* What needs to be done
The answer must be the full listing, word for word, with no pictures in it.

* Collected data
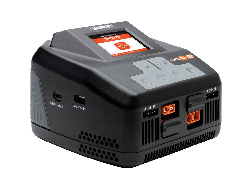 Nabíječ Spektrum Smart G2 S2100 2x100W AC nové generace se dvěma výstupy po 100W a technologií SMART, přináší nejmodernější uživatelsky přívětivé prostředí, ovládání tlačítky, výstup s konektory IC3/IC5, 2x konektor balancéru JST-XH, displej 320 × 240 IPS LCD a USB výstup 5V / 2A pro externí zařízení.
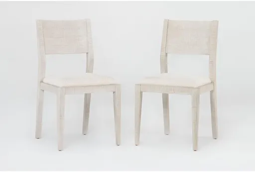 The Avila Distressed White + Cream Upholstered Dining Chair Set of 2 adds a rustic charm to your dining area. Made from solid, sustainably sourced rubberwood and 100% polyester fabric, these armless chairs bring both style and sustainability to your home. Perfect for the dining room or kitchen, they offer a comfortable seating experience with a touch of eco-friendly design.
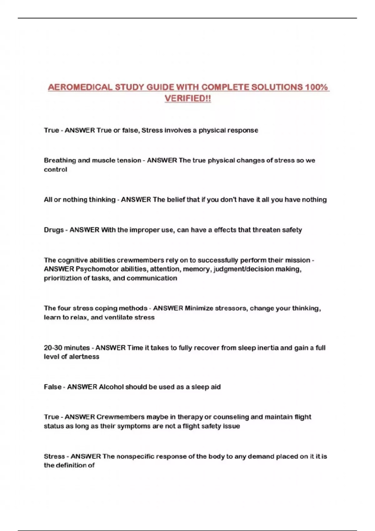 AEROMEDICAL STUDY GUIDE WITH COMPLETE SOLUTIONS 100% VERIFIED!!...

* Exercise solution
 Nabíječ Spektrum Smart G2 S2100 2x100W AC nové generace se dvěma výstupy po 100W a technologií SMART, přináší nejmodernější uživatelsky přívětivé prostředí, ovládání tlačítky, výstup s konektory IC3/IC5, 2x konektor balancéru JST-XH, displej 320 × 240 IPS LCD a USB výstup 5V / 2A pro externí zařízení.
 The Avila Distressed White + Cream Upholstered Dining Chair Set of 2 adds a rustic charm to your dining area. Made from solid, sustainably sourced rubberwood and 100% polyester fabric, these armless chairs bring both style and sustainability to your home. Perfect for the dining room or kitchen, they offer a comfortable seating experience with a touch of eco-friendly design.
 AEROMEDICAL STUDY GUIDE WITH COMPLETE SOLUTIONS 100% VERIFIED!!...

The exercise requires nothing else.